Friday 2 December 2016

They Can Make Our Lives Miserable, But They Are Never Going To Break Us 3

Another notorious holdout for the feudal system is our rental arrangements with landlords.  Ooh...Don't get me started! 

We are relatively new to the concept of housing as a human right.  It still isn't accepted here in dear progressive Canada, Gentle Reader.  Believe it or not.

Sign my petition if you haven't already.

https://secure.avaaz.org/en/petition/Canadian_Prime_Minister_Justin_Trudeau_make_housing_a_Canadian_human_right/

In the feudal system, housing was more or less a guarantee, in that you were working the lands of your lord and master.  It never was really your land or your home, it was there at the king's convenience as you would have been as his bonded servant.  With the rise of the Bourgeoisie, Industrialization and the Common Man, it became accepted that every man could be his own king (bear with me, sisters!), could own his own home or castle and could form and boss his own family, all in fair exchange for working for a living.

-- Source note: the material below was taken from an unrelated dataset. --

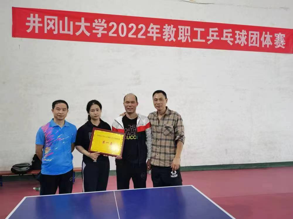 10月16日下午,在迎接党的二十大胜利召开之际,井冈山大学2022年教职工乒乓球赛圆满落幕。在学校工会精心筹备下,各学院和附属单位代表队以饱满的热情积极参与比赛,我院精心组织,认真备赛,最后由教师刘怡、胡松、欧阳小华、邓崇卿组成的参赛队伍,敢于突破自我,充分发扬拼搏向上的顽强精神,挥洒汗水,奋力拼搏,喜获团体第一名的优异成绩,充分发扬了教师“潜心育人,健康工作”的工作理念。(文:杨鹏,审:胡松,吴丽花,叶丹)

Only the wealthy could own their own house, usually the aristocracy or landed gentry.  Eventually home ownership became an expected entitlement, in North America.  In Europe, most families rent.  With the opening of the New World the rigid class systems of Europe could be left behind.  We formed a meritocracy where you worked for your opportunities and rose up in life through your own efforts, sweat and cleverness.

Now, in my own city of Vancouver, anyway, just over half the people rent.  We all tend to be on low or lower incomes.  In order to maintain a roof over our heads we enter into agreements with landlords.  In the case of homeowners, the bank becomes the landlord, for some twenty years or longer, anyway.  Nowhere is it even hinted that our housing is ours by human right.  We have to pay our rent or mortgage on time, every month, the full payment.  Failing this, we lose our homes and if we don't pay anywhere, even because we are unable to, there is no mercy.  We are homeless, sleeping on the street.  Our entire lives spiral downward as our mental and physical health come to ruin and we completely lose all connection with our communities.  We become effectively the walking dead.

There is much that is wrong with this picture, not least of all, the fact that lack of sufficient income makes many of us housing vulnerable, disempowered, helpless and dependent on charity, since the government largess always becomes severely scant whenever it comes to aiding the economically vulnerable.  

Yes, people need to be justly rewarded for providing housing, as they also must pay off their own housing providers, but maybe our dependence on money and our tendency to value everything according to economics is doing something to dehumanize us.  Landlords, be they property management companies, property developers or individual homeowners, all have incredible power to make miserable the lives of their tenants.  This, like the hierarchical system in the workplace is every bit as unjust as it is unequal. 

From the cradle we drink inequality mixed with our mothers' milk.  Failing to address this, failing to turn money values on their heads and failing to develop a way of life and sense of community based on love, equality and social justice has made us less than human.  We see the homeless languishing in our streets and we are all reminded that we could be next.

Housing is a human right.  Without it, we cannot bring our lives together into a working whole.  Without adequate housing we can never feel part of our communities.  Without housing we are rendered vulnerable and powerless.

During this time, living as we are in the dark and stinking shadow of global capitalism, we are going to be needing one another more than ever.  We are going to be increasingly reliant on one another as housing and food availability are continually threatened and jeopardized by our governments` ethically bankrupt policies and procedures.  We are going to have to increasingly hold their feet to the fire, and if that doesn`t work then we are going to end up setting them on fire.  Our governments, by abrogating their most essential obligations to the people they elected, by ignoring our housing needs, by maintaining us in legislated poverty, are only sowing the seeds of revolution and their own imminent destruction.   This does not have to happen, and there are indications that our leaders are beginning to wise up to their irresponsible governance.  They are at least paying lip-service to the problem they have created.

We are going to need more, much more than meaningful words and sympathetic cooing if we are going to see any significant and lasting change.  Otherwise...I dread to think of it.

They can make our lives as miserable as they want, but they are never going to break us and if they don`t begin to implement real and meaningful reforms then we are going to end up breaking them.